This proposal is part of a broader rationalization process within the Group, initiated by the majority shareholder Marinetta S.r.l., which has completed the process of choosing its statutory auditor and has therefore proposed that the companies that are part of the Redelfi Group, of which the Issuer is the head, name the same auditor appointed by Marinetta S.r.l, thereby, on the one hand, allowing for greater effectiveness and efficiency in the performance of audit activities and, on the other hand, also facilitating the assumption of responsibility over the entire Group, as moreover provided for by current statutory audit regulations.
(iii) to convene the Ordinary Shareholders’ Meeting on December 23, 2022, at 11:00 a.m. at the Company’s operational headquarters, in a single call.
The notice of the meeting, containing the agenda, will be published within the terms of the law and the bylaws and will also indicate the procedures for attending the meeting.

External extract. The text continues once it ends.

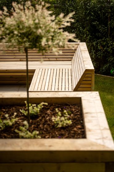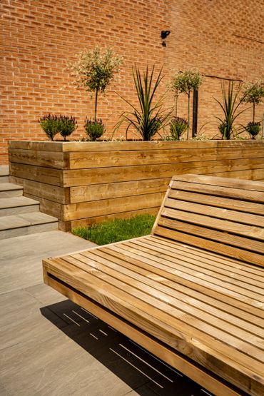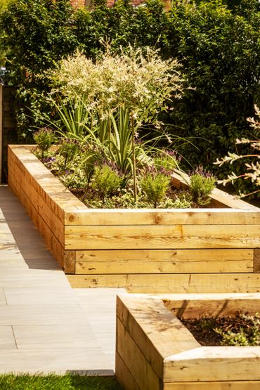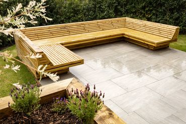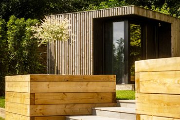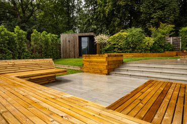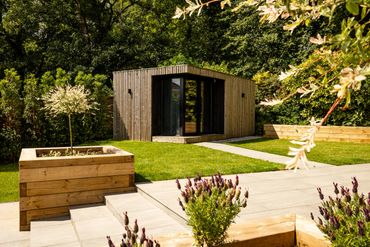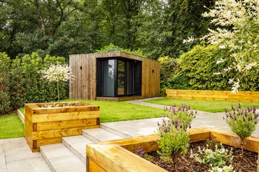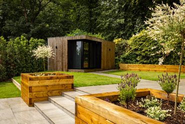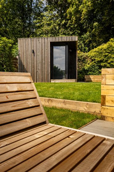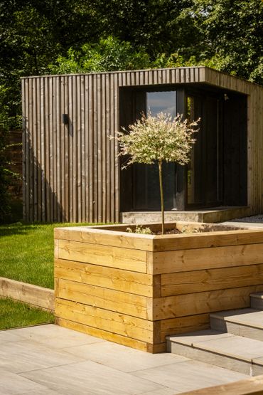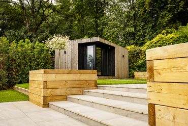 Working from home could not be more stylish and enjoyable with this outdoor office we designed and built. The outdoor seating, planters, flagging and steps create the perfect space to relax when the working day is done and it's time to enjoy this beautiful garden with your family.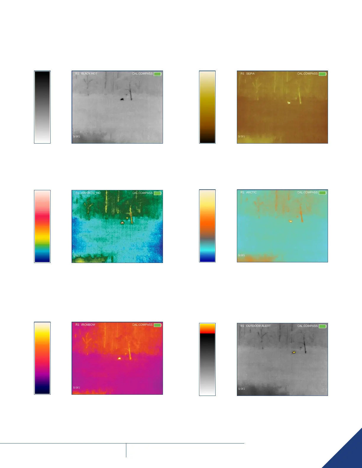 The Sepia is a thermal palette of three colors. It displays the heat

Documents relating to the items on the agenda will be made available to the public at the company’s registered office and on the website www.redelfi.com, in the “Investor Relations/Shareholders’ Meeting” section, as well as on the website www.borsaitaliana.it, in the Shares/Documents section, within the terms required by current regulations.
In addition, as part of the disclosure pursuant to Art. 2381 c. 5 of the Civil Code, the Chairman of the Board of Directors illustrated to the Directors the incentive mechanism currently being studied, aimed at recognizing bonuses to employees and/or consultants engaged in the implementation of the 2022-2026 Business Plan communicated to the market on November 2. In this regard, the Chairman also introduced to the Board of Directors Eng. Matteo Bellisomi, Business Unit manager of the Green area and a key figure in the implementation of the aforementioned Industrial Plan.
A native of Genoa, born in 1980, after graduating in management engineering in 2005, Eng. Bellisomi has worked for major companies such as Siemens Italia and Ansaldo Energia, developing more than a decade of experience in project management and business process management.
Davide Sommariva, Chairman of the Board of Directors, commented, “The industrial capacity and international experience brought by Eng. Bellisomi will strengthen the skills already present in the team, with the aim of pursuing the ambitious goals set for the coming years in the 2022-2026 Business Plan.”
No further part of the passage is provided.